Minutes later, we met the real deal. She explained my lesions, their proximity to some important arteries, and now the need for a PET scan.

Ah, the PET scan. If you’re thinking puppies and kittens, I hate to burst your bubble. This PET scan (Positron Emission Tomography)  involves injecting me with a radioactive substance. No, it won’t give me superpowers or a glowing personality. It’s a science thing, all about visualising what’s happening in the dark, murky world of my insides.

If you’re interested, here’s a blow-by-blow account of how it works:

1. Injection of a Radiotracer: They poke you with a needle and inject radioactive sugar. Don’t get excited; it’s not the tasty kind of sugar.

2. Distribution of the Tracer: You wait around (more waiting!) while the tracer makes friends with your tissues. I suppose this is when I could’ve used some pet therapy.

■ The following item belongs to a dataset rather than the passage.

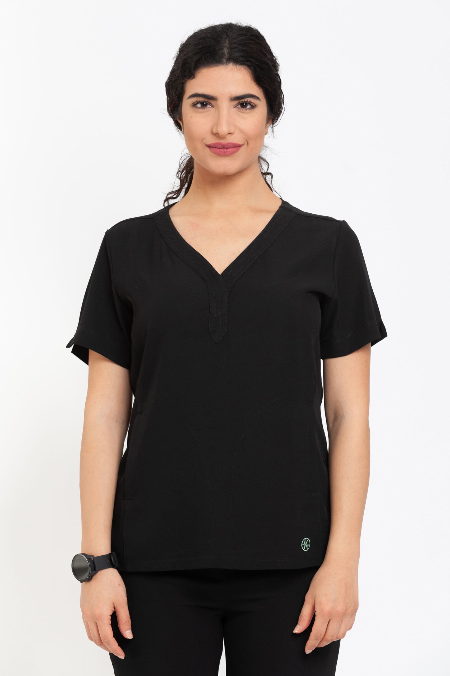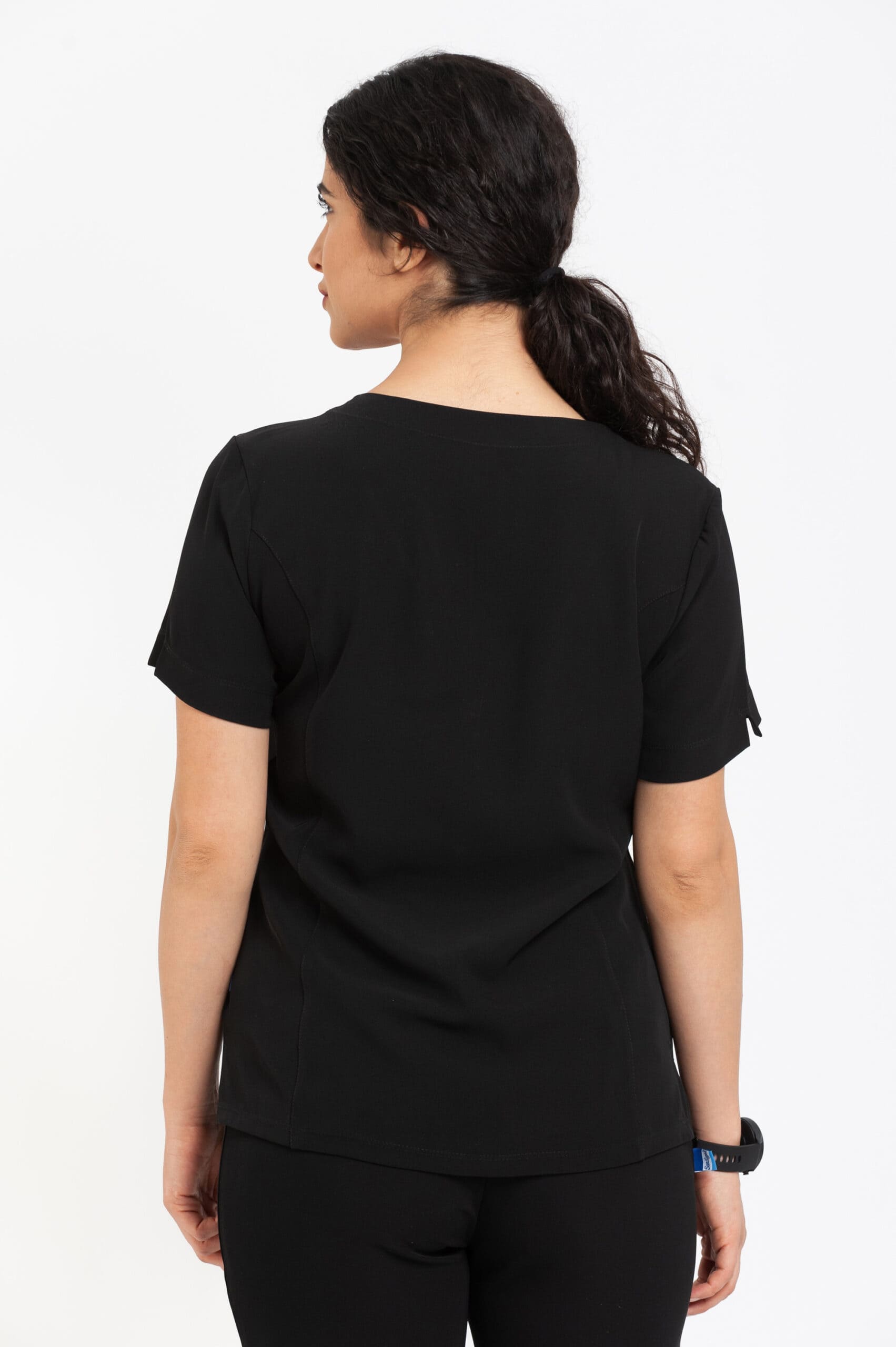 Kurzärmlige Damentunika aus innovativem 4-Wege-Stretch-Crêpe-Stoff, verbindet die feminine Linie mit außergewöhnlichem Komfort. Der fließende, dehnbare und atmungsaktive Stoff garantiert maximalen Komfort.

3. Scanning: You lie down, slide into a large doughnut, and detectors create a 3D tour of your body.

4. Image Analysis: Some wise person interprets the images, presumably looking for signs of my lost motivation and cancerous nasties.

5. Combination with Other Scans: Sometimes, they pair the PET with a CT scan, which sounds like an alphabet soup but helps paint a clearer picture.

My appointment continued with discussing treatment plans, potential primary cancers, and consulting with a Liverpool expert. My specific cancer had subtleties that my doc admitted were a bit above her pay grade. So, my scans are off to Liverpool so the super-doc can cast his expert eye over them, and another waiting game begins.

Yet, I couldn’t help but feel that, despite the confusion and delays, I was in good hands. I mean, who wouldn’t be flattered by such a thorough medical photoshoot?